§ **Exercise data**
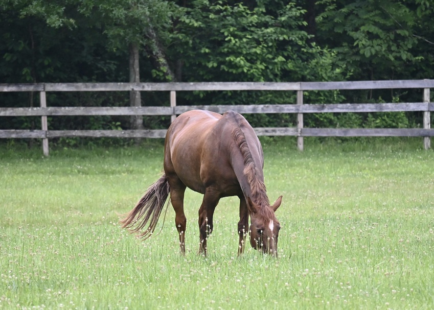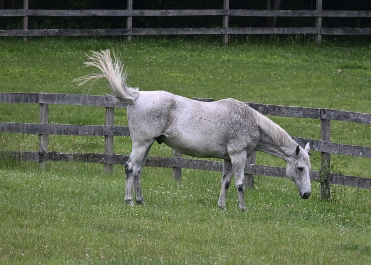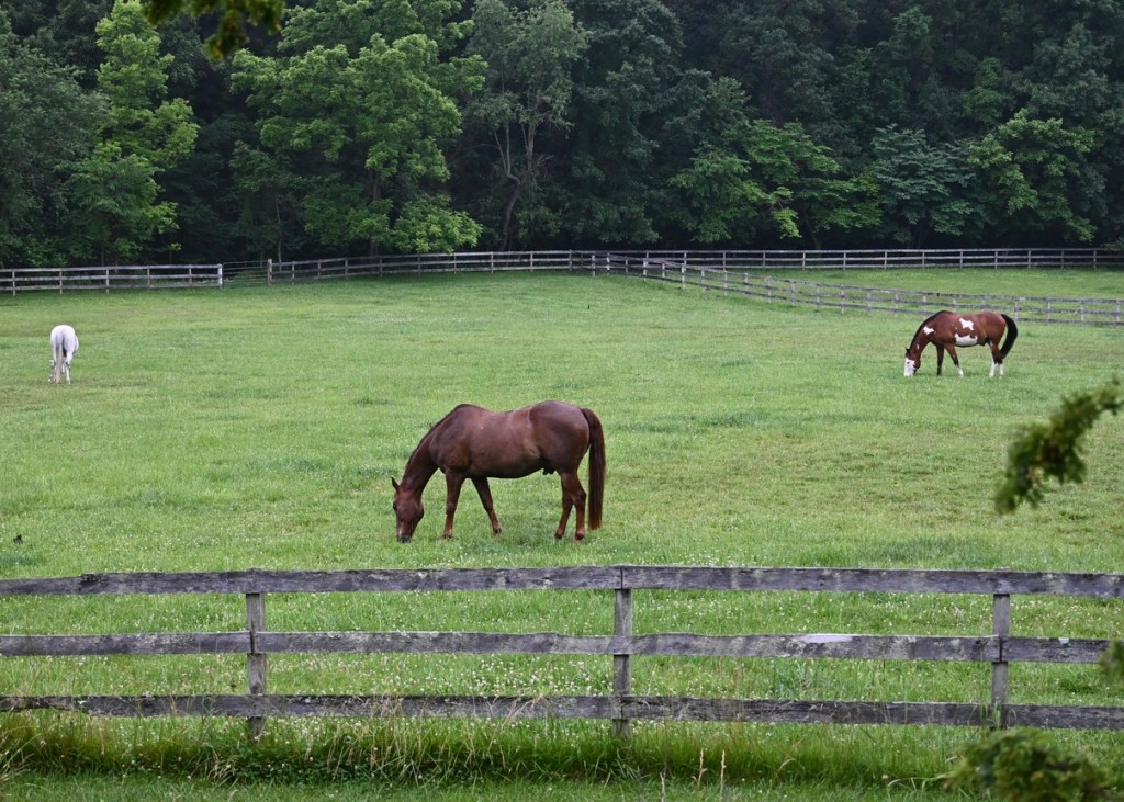 Hot, buggy weather is normal for Missouri in July. The horses are out at night, getting plenty of exercise with their tails.
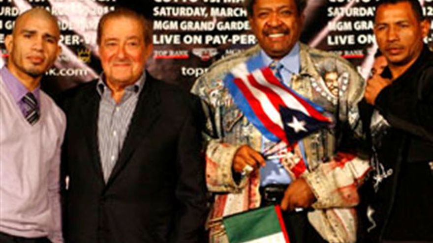 Si la próxima pelea entre Ricardo Mayorga y Miguel Cotto se definiera por la intensidad de la promoción, el púgil nicaragüense noquearía al puertorriqueño en el primer asalto con la ayuda de su promotor, el estrafalario Don King. Fieles a su estilo, Mayorga y King dieron un espectáculo el lunes durante una conferencia de prensa en un hotel de Los Angeles. Cotto habló muy poco y su promotor Bob Arum, contraparte legendaria de King, se mostró complacido por la publicidad generada. Cotto (35-2, 28 nocauts) defenderá ante Mayorga (29-7, 23) su título superwelter de la Asociación Mundial de Boxeo el sábado 12 de marzo en el hotel y casino MGM Grand de Las Vegas. El boricua ganó el cinturón en junio al vencer al campeón Yuri Foreman. "Sólo puedo sonreír, porque Don está vendiendo boletos", dijo Arum luego que King, con su característico cabello vertical, subiera al estrado empuñando banderines y un cigarro para gritar varias veces: "¡Es una guerra, es una guerra!". Fue una presentación de dos legendarios promotores haciendo lo que mejor saben hacer, cada quien a su estilo. Todo, mientras las cámaras rodaban. Vestido con una chaqueta de tela de jeans con lentejuelas y dibujos pintados, King hizo como que exorcizaba a Mayorga porque, según dijo, su púgil está "loco" y tiene múltiples personalidades. "Estamos pidiendo a Dios que le quite todos los demonios que tiene y que le dé claridad para que noquee a Cotto", dijo. "Su único oponente es él mismo. Si puede combatir en unidad con las otras (personalidades), es imbatible". Mayorga, de 37 años, trató de provocar a viva voz a su oponente, sentado tranquilo a su lado. El ex campeón welter del Consejo Mundial de Boxeo levantó varias veces su camiseta con un dibujo de Michael Jackson para mostrar sus abdominales y amenazó con mandar a Cotto de regreso "al club de Ricky Martin". La pelea más recordada de Mayorga en los últimos tiempos fue el combate en peso mediano júnior contra Shane Mosley en septiembre del 2008, cuando el nicaragüense perdió en el último segundo. Cotto, de 31 años, se esforzó para no reaccionar ante las provocaciones. Pero cuando le tocó su turno de hablar, no fue menos que su contrincante. "No puedes enviar a un idiota a decir cosas inteligentes", le dijo a King. Al final de la conferencia, Cotto abandonó la sala, mientras una bandada de reporteros abordaba a Mayorga y King hablaba a los gritos con otros tantos. Arum se quedó hablando con un solitario periodista. "Hay boxeadores que tienen talento para promoción, otros que no. A mí me gusta hacer esto porque mientras más hablo, más me esfuerzo para entrenar y ganar", dijo Mayorga. "En un circo, cada quien hace su show. En el ring, yo hago show porque me gusta". "Al noquear a Cotto", cerró, "voy a poner mi firma de que Don King es el número uno".
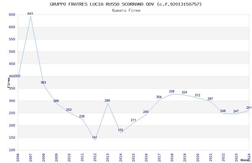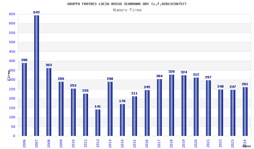 | Anno | Firme | Importi | Media | Naz. | Reg. | Prov. | Comu. |

§ **Task brief**
Repeat verbatim all the material, but not the pictures.

§ **Response to this exercise**
 Hot, buggy weather is normal for Missouri in July. The horses are out at night, getting plenty of exercise with their tails.
 Si la próxima pelea entre Ricardo Mayorga y Miguel Cotto se definiera por la intensidad de la promoción, el púgil nicaragüense noquearía al puertorriqueño en el primer asalto con la ayuda de su promotor, el estrafalario Don King. Fieles a su estilo, Mayorga y King dieron un espectáculo el lunes durante una conferencia de prensa en un hotel de Los Angeles. Cotto habló muy poco y su promotor Bob Arum, contraparte legendaria de King, se mostró complacido por la publicidad generada. Cotto (35-2, 28 nocauts) defenderá ante Mayorga (29-7, 23) su título superwelter de la Asociación Mundial de Boxeo el sábado 12 de marzo en el hotel y casino MGM Grand de Las Vegas. El boricua ganó el cinturón en junio al vencer al campeón Yuri Foreman. "Sólo puedo sonreír, porque Don está vendiendo boletos", dijo Arum luego que King, con su característico cabello vertical, subiera al estrado empuñando banderines y un cigarro para gritar varias veces: "¡Es una guerra, es una guerra!". Fue una presentación de dos legendarios promotores haciendo lo que mejor saben hacer, cada quien a su estilo. Todo, mientras las cámaras rodaban. Vestido con una chaqueta de tela de jeans con lentejuelas y dibujos pintados, King hizo como que exorcizaba a Mayorga porque, según dijo, su púgil está "loco" y tiene múltiples personalidades. "Estamos pidiendo a Dios que le quite todos los demonios que tiene y que le dé claridad para que noquee a Cotto", dijo. "Su único oponente es él mismo. Si puede combatir en unidad con las otras (personalidades), es imbatible". Mayorga, de 37 años, trató de provocar a viva voz a su oponente, sentado tranquilo a su lado. El ex campeón welter del Consejo Mundial de Boxeo levantó varias veces su camiseta con un dibujo de Michael Jackson para mostrar sus abdominales y amenazó con mandar a Cotto de regreso "al club de Ricky Martin". La pelea más recordada de Mayorga en los últimos tiempos fue el combate en peso mediano júnior contra Shane Mosley en septiembre del 2008, cuando el nicaragüense perdió en el último segundo. Cotto, de 31 años, se esforzó para no reaccionar ante las provocaciones. Pero cuando le tocó su turno de hablar, no fue menos que su contrincante. "No puedes enviar a un idiota a decir cosas inteligentes", le dijo a King. Al final de la conferencia, Cotto abandonó la sala, mientras una bandada de reporteros abordaba a Mayorga y King hablaba a los gritos con otros tantos. Arum se quedó hablando con un solitario periodista. "Hay boxeadores que tienen talento para promoción, otros que no. A mí me gusta hacer esto porque mientras más hablo, más me esfuerzo para entrenar y ganar", dijo Mayorga. "En un circo, cada quien hace su show. En el ring, yo hago show porque me gusta". "Al noquear a Cotto", cerró, "voy a poner mi firma de que Don King es el número uno".
 | Anno | Firme | Importi | Media | Naz. | Reg. | Prov. | Comu. |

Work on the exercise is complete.